Chinese Gung Fu: The Philosophical Art of Self-Defense
- Author: Bruce Lee
- Language: English
- Genre: Martial arts, philosophy
- Publication date: 1963
- Publication place: United States

= Chinese Gung Fu: The Philosophical Art of Self-Defense =

1963 book by Bruce Lee

Chinese Gung Fu: The Philosophical Art of Self-Defense is a book written by Bruce Lee expressing his martial arts philosophy and viewpoints. It describes his early style of gung fu which was based heavily on Wing Chun. This was before the development of his unique style of martial arts called Jeet Kune Do in the late 1960s.

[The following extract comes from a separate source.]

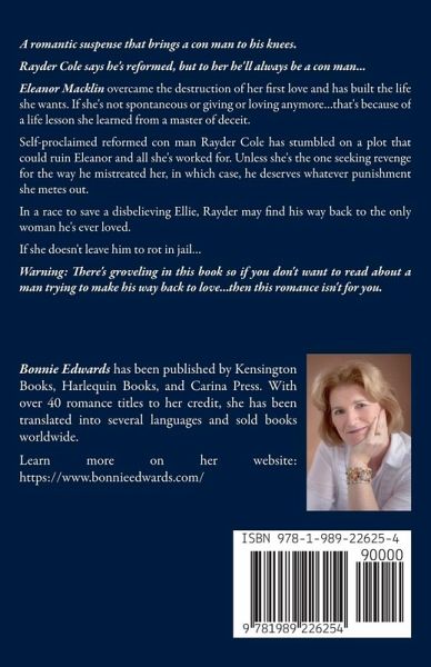A romantic suspense that brings a con man to his knees. Rayder Cole says he's reformed, but to her he'll always be a con man... Eleanor Macklin overcame the destruction of her first love and has built the life she wants. If she's not spontaneous or giving or loving anymore...that's because of a life lesson she learned from a master of deceit. Self-proclaimed reformed con man Rayder Cole has stumbled on a plot that could ruin Eleanor and all she's worked for. Unless she's the one seeking revenge for the way he mistreated her, in which case, he deserves whatever punishment she metes out. In a race to save a disbelieving Ellie, Rayder may find his way back to the only woman he's ever loved. If she doesn't leave him to rot in jail... Warning: There's groveling in this book so if you don't want to read about a man trying to make his way back to love...then this romance isn't for you.

Chinese Gung Fu: The Philosophical Art of Self-Defense was published in early 1963 by Bruce Lee with the help of friend and fellow martial artist James Yimm Lee of Oakland, California. James had previously published books on the martial arts such as Modern Gung Fu, Karate: Iron, Poison Hand Training and Karate Oriental Self-Defense in 1957. In the book Remembering the Master: Bruce Lee, James Yimm Lee and the Creation of Jeet Kune Do by Sid Campbell and Greglon Yimm Lee (James Lee's son) it is stated the initial run was 1,500 copies. The book was sold through James Lee's company Oriental Book Sales at a price of $5. In addition to the book, a companion Chinese Gung Fu instruction chart was available for $1.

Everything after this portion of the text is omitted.